The music in this movie is gorgeous. A. R. Rahman delivers a score for the leads to fall in love to and the reprises appear at just the right places in the movie to deliver appropriate emotional punches. My personal favorites include “Tum Tak” and the title track.
The first half of the movie is exactly what I expected when I saw the trailer: a romantic comedy with a charming lead duo with some pitfalls on their way to living happily every after. The second half feels like a completely different movie, taking a slightly ungraceful tangent into politics and the wider issues at play in the world. The colorful and charismatic characters are reduced to muted glaring and tearful regret in shadowy corners. While I enjoyed the diversion from the expected love story, it could have been handled better to create a better overall movie.

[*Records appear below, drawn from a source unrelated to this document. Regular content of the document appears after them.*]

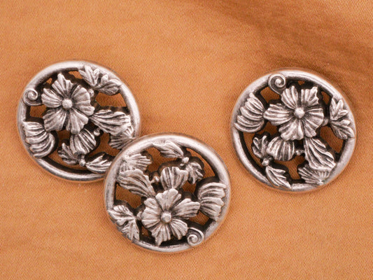 Flowers Circle Pierced Look Antiqued Silver Metal Button 23mm
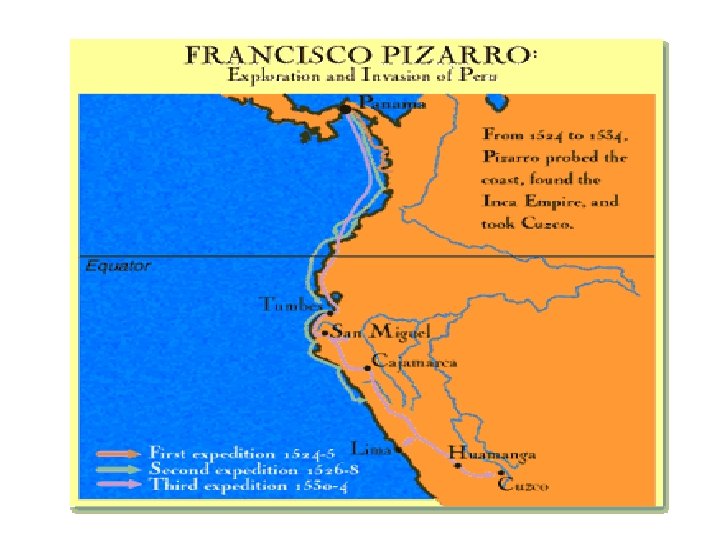 Francisco Pizarro • The only other Spanish conquistador to come close to matching the richness of the Cortes expedition was Francisco Pizarro explored the western coast of South America in 1532, eventually finding the Inca Empire and conquering its capital, Cuzco, in a scenario remarkably similar to Cortes. • The Inca proved equally rich in gold and silver as well, bringing unheard of wealth to Spain, who now had established a Spanish Empire across much of Mexico, along with large portions of Central and South America.
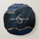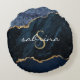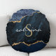 Monogram Navy Blue Gold Agate Geode Rond Kussen
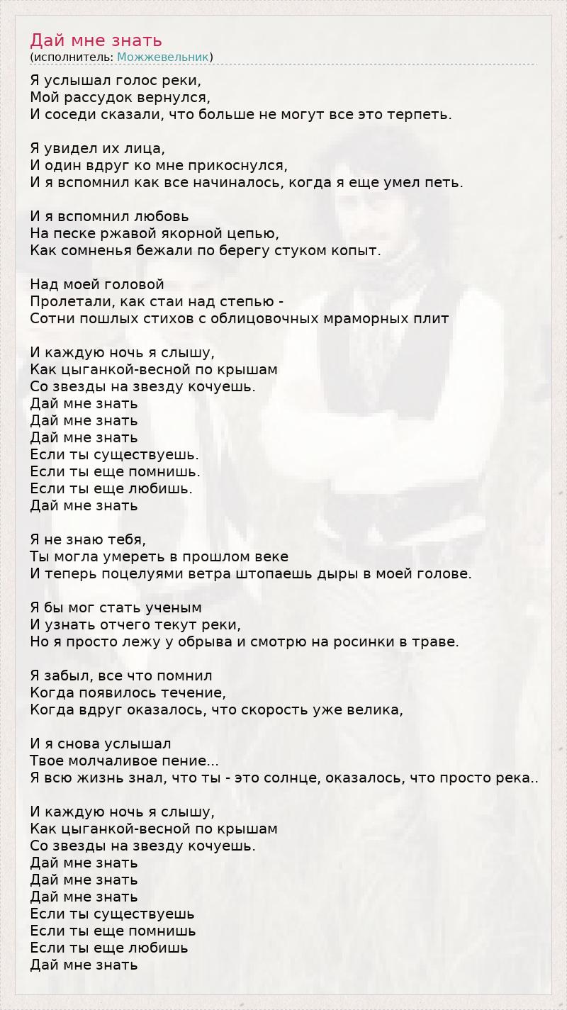 Я услышал голос реки, Мой рассудок вернулся, И соседи сказали, что больше не могут все это терпеть. Я увидел их лица, И один вдруг ко мне прикоснулся, И я вспомнил как все начиналось, когда я еще умел петь. И я вспомнил любовь На песке ржавой якорной цепью, Как сомненья бежали по берегу стуком копыт. Над моей головой Пролетали, как стаи над степью - Сотни пошлых стихов с облицовочных мраморных плит И каждую ночь я слышу, Как цыганкой-весной по крышам Со звезды на звезду кочуешь. Дай мне знать Дай мне знать Дай мне знать Если ты существуешь. Если ты еще помнишь. Если ты еще любишь. Дай мне знать Я не знаю тебя, Ты могла умереть в прошлом веке И теперь поцелуями ветра штопаешь дыры в моей голове. Я бы мог стать ученым И узнать отчего текут реки, Но я просто лежу у обрыва и смотрю на росинки в траве. Я забыл, все что помнил Когда появилось течение, Когда вдруг оказалось, что скорость уже велика, И я снова услышал Твое молчаливое пение... Я всю жизнь знал, что ты - это солнце, оказалось, что просто река.. И каждую ночь я слышу, Как цыганкой-весной по крышам Со звезды на звезду кочуешь. Дай мне знать Дай мне знать Дай мне знать Если ты существуешь Если ты еще помнишь Если ты еще любишь Дай мне знать
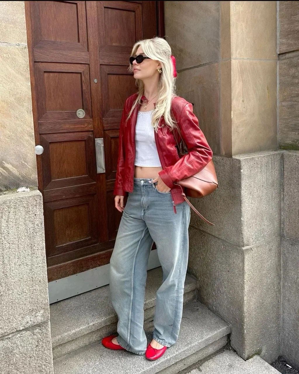 Красная обувь — тренд 2024 года. Такие балетки будут служить классным акцентом в повседневных образах — их можно сочетать с гольфами или носками, а можно надевать их с вещами нейтральных оттенков и разбавлять красной помадой на губах. Они помогут сделать образ более интересным и сложным.

A few odd things during the movie (particularly the end) jerked me back out of the world and were generally the cause of unintentional hilarity. Oddly, most of these were related to medical treatments. In one instance, Kundan slits his wrists and the next scene shows a bag of blood feeding the needed blood into his body via (oddly enough) the very same slit wrist. Clearly the medical practitioners in this hospital are not ones to waste manpower when a convenient hole is already available. Another instance is a tense operating room scene where the surgeon extracts and plops down a bullet shell rather than the slug, which elicited a laugh for me. Another odd occurrence is that scrubbed in doctors and nurses operate on a man in a sterilized operating theater as friends of the patient randomly wander in (in bloody and dirty clothes and without so much as a hand washing) to hold his hand and have a heart to heart with the unconscious man. Perhaps this can be explained by a lack of a consultant for the medicine related scenes? It seems a shame to detract from the seriousness of the scene with mistakes like this, especially when most of your viewership probably watches CSI, House, and the like as a staple part of their TV diet.
Overall, I would recommend the movie based on the blatant discussion about the class system in this part of the world and some genuinely funny moments with a lovely soundtrack.